How will climate change affect Santa Monica’s real estate market? It’s not just solar rights, but all our environmental rights are being strained to the point of extinction. It is estimated that 2/3rds of our beaches will vanish with rising sea levels. Do we confront reality and recede or try to withstand nature by building walls? Either way is a costly decision and yet again, guess who pays the bill – not the corporate developers. We have used Mother Earth to deliver luxuries – how long can we rely on this?

Access to daylight, to outdoor spaces, to fresh air are no longer qualities we can take for granted. Although the city requires solar panels on new and remodeled houses, they haven’t decided how to resolve solar access from one property to another, much less have an overall climate plan. Zoning laws need to protect solar access and privacy, but this is not possible with large homes (+/- 5000sf) on small lots (+/-7500sf).

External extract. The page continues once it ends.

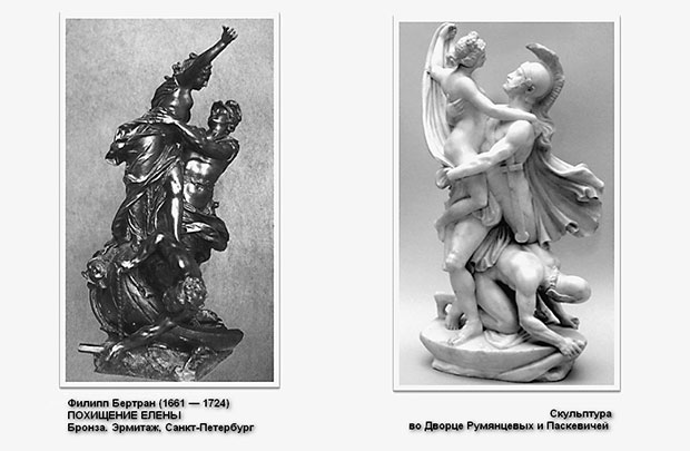 Приведем еще аргументы. Скульптура из дворца Румянцевых и Паскевичей обнаруживает значительное сходство с работой Филиппа Бертрана «Похищение Елены», которая находится в Государственном Эрмитаже в Санкт-Петербурге. Не отрывая глаз от прекрасного лица девы, уверенный в победе, молодой воин переносит свою добычу на корабль, чтобы быстрее уйти от оскорбленного мужа, от чужого берега. Фигуры полны динамики, стремительного действия. Пластика движения подчеркивается энергичными спиральными завитками одежд. Все изображение дано в соответствии со стилистикой барокко. При том, что прототипом являлся оригинал 430 — 420-х гг. до н. э. греческого скульптора Кресилая, Филипп Бертран создал произведение в духе своего времени. Можно только предположить, как выглядело «Похищение Елены» в эпоху эллинизма!

And we have a host of infrastructure issues to fix – from rising sea level impact on the coastline, and water dependence to electrical outages, sewer backups, and police in crisis mode. The city’s piecemeal reaction to mobility is like watching water dripping from a faucet. The city seems to be all talk, no show.

Water is life but what if rain doesn’t fall? California has enough water to currently support its agriculture and environment, its wildlife and fisheries, and our cities, but only at great expense of money and energy in pumping and moving water to our near waterless southern California. But. So how do we preserve this in the face of climate change and an ever-growing population expected to be 20 million more in 20 years! How do we turn from extraction to replenishment? Where is the willingness to transform, compromise, and conserve? Water dependence in Santa Monica, free of the county water district, is a major goal, yet multiple metering of commercial and apartment buildings is not required? We need to assure systems are in place before approving any more development!!

With respect to design, our codes as well as our senses need a realistic overhaul. Just how much should lower standards, in the pursuit of higher economic return, “trump” our needs? Are we sanitizing our city in the name of growth? Thirty years ago, local developers realized good design was also good economics – unfortunately not so today. Our increasingly corporate economy leaves little room for architecture as a work of art, as a project blended with its environment.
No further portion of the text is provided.